** EXERCISE REQUIREMENTS **
Restate each line of the listing exactly, without carrying over any pictures.

** INPUT MATERIAL **
━━━━━━━━━━━━━━━━━━━━
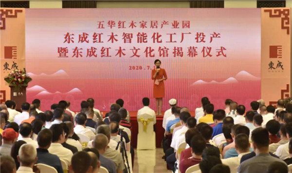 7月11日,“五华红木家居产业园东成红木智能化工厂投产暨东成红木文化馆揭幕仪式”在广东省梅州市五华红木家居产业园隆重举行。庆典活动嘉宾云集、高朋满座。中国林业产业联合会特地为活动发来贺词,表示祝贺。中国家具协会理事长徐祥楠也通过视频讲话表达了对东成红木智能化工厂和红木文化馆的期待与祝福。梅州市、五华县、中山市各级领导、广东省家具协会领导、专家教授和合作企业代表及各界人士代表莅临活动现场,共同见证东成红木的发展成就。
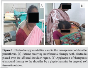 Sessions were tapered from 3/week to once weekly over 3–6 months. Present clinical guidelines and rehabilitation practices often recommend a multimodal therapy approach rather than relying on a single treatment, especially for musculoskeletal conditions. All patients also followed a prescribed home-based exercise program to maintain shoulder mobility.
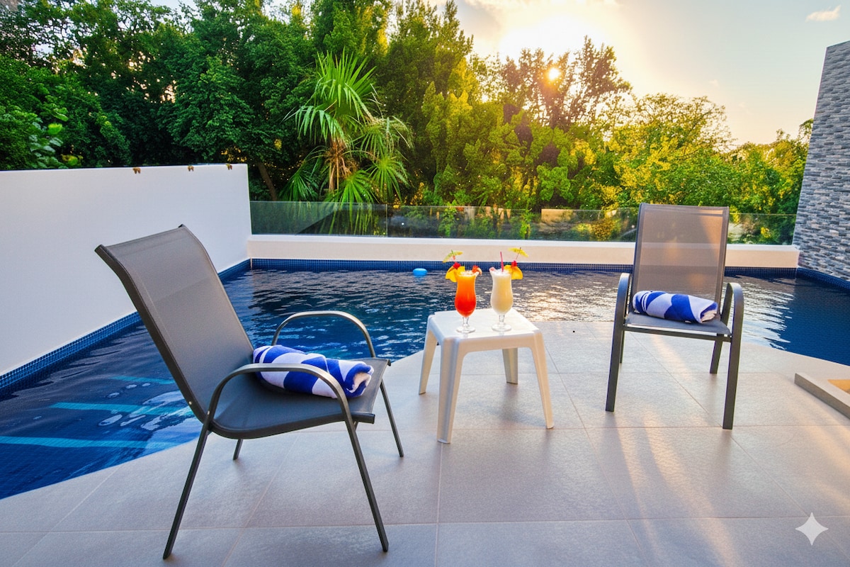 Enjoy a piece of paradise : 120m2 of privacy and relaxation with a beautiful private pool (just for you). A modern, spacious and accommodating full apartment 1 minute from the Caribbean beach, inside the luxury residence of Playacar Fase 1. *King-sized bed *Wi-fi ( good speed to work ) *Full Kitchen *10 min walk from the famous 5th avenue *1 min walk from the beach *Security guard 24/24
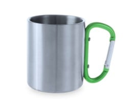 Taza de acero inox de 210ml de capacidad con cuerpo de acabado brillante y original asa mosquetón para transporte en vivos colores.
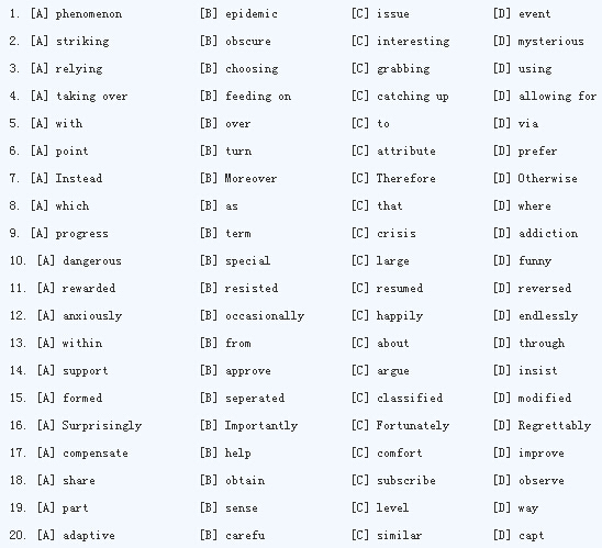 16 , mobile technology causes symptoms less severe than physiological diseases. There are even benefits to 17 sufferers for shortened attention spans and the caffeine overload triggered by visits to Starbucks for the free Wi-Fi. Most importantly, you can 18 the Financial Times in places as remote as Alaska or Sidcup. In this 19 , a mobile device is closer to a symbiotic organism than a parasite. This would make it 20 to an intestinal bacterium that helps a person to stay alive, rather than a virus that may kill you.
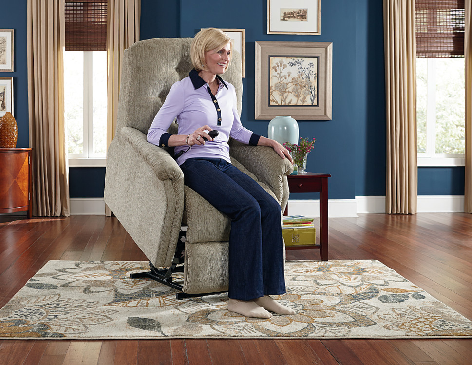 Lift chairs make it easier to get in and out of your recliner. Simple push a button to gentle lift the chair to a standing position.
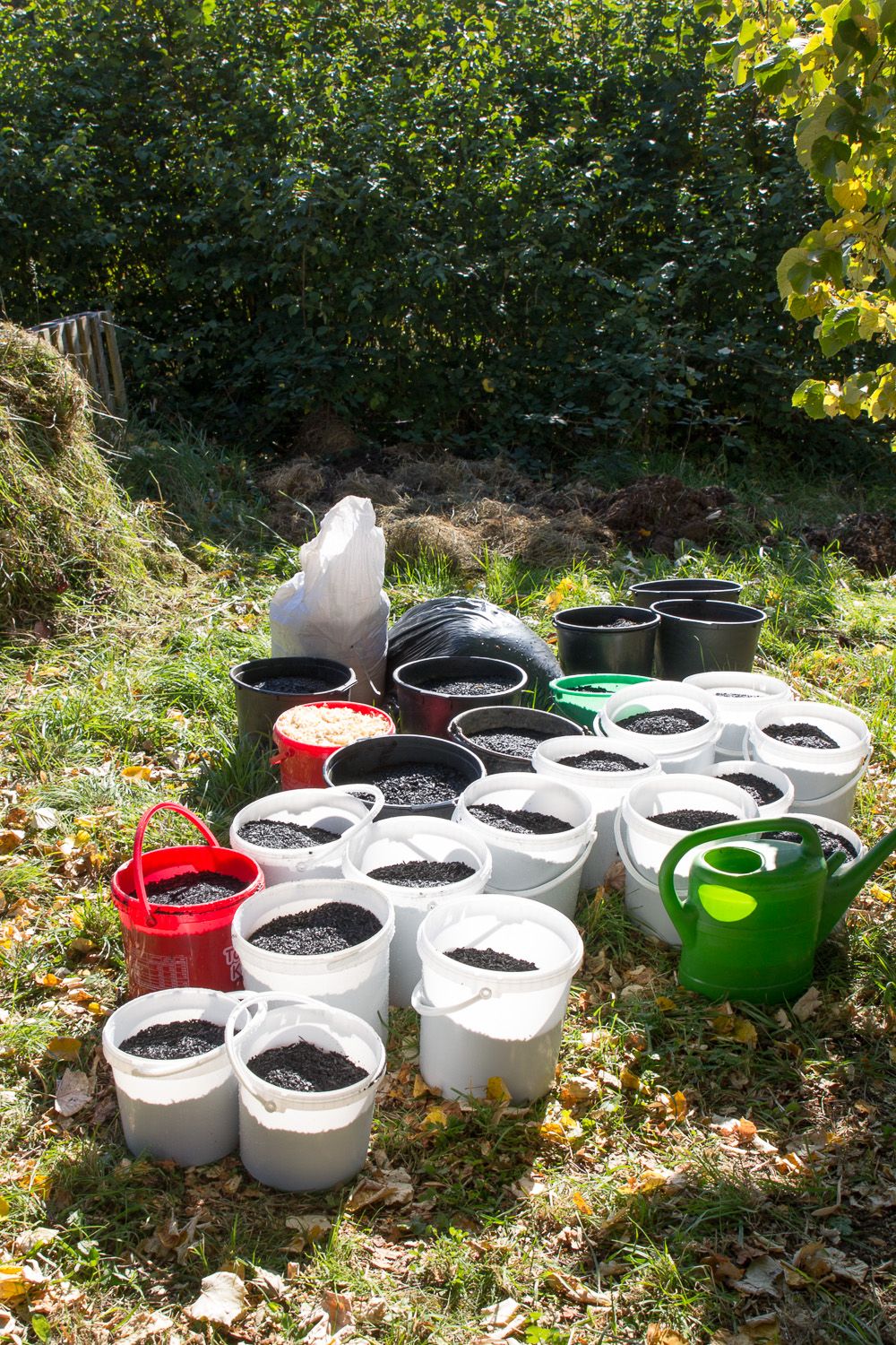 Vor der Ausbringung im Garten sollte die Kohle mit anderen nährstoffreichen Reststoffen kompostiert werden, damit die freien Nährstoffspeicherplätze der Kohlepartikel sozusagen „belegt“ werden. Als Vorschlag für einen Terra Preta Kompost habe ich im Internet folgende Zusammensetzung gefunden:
━━━━━━━━━━━━━━━━━━━━
** REPLY **
 7月11日,“五华红木家居产业园东成红木智能化工厂投产暨东成红木文化馆揭幕仪式”在广东省梅州市五华红木家居产业园隆重举行。庆典活动嘉宾云集、高朋满座。中国林业产业联合会特地为活动发来贺词,表示祝贺。中国家具协会理事长徐祥楠也通过视频讲话表达了对东成红木智能化工厂和红木文化馆的期待与祝福。梅州市、五华县、中山市各级领导、广东省家具协会领导、专家教授和合作企业代表及各界人士代表莅临活动现场,共同见证东成红木的发展成就。
 Sessions were tapered from 3/week to once weekly over 3–6 months. Present clinical guidelines and rehabilitation practices often recommend a multimodal therapy approach rather than relying on a single treatment, especially for musculoskeletal conditions. All patients also followed a prescribed home-based exercise program to maintain shoulder mobility.
 Enjoy a piece of paradise : 120m2 of privacy and relaxation with a beautiful private pool (just for you). A modern, spacious and accommodating full apartment 1 minute from the Caribbean beach, inside the luxury residence of Playacar Fase 1. *King-sized bed *Wi-fi ( good speed to work ) *Full Kitchen *10 min walk from the famous 5th avenue *1 min walk from the beach *Security guard 24/24
 Taza de acero inox de 210ml de capacidad con cuerpo de acabado brillante y original asa mosquetón para transporte en vivos colores.
 16 , mobile technology causes symptoms less severe than physiological diseases. There are even benefits to 17 sufferers for shortened attention spans and the caffeine overload triggered by visits to Starbucks for the free Wi-Fi. Most importantly, you can 18 the Financial Times in places as remote as Alaska or Sidcup. In this 19 , a mobile device is closer to a symbiotic organism than a parasite. This would make it 20 to an intestinal bacterium that helps a person to stay alive, rather than a virus that may kill you.
 Lift chairs make it easier to get in and out of your recliner. Simple push a button to gentle lift the chair to a standing position.
 Vor der Ausbringung im Garten sollte die Kohle mit anderen nährstoffreichen Reststoffen kompostiert werden, damit die freien Nährstoffspeicherplätze der Kohlepartikel sozusagen „belegt“ werden. Als Vorschlag für einen Terra Preta Kompost habe ich im Internet folgende Zusammensetzung gefunden:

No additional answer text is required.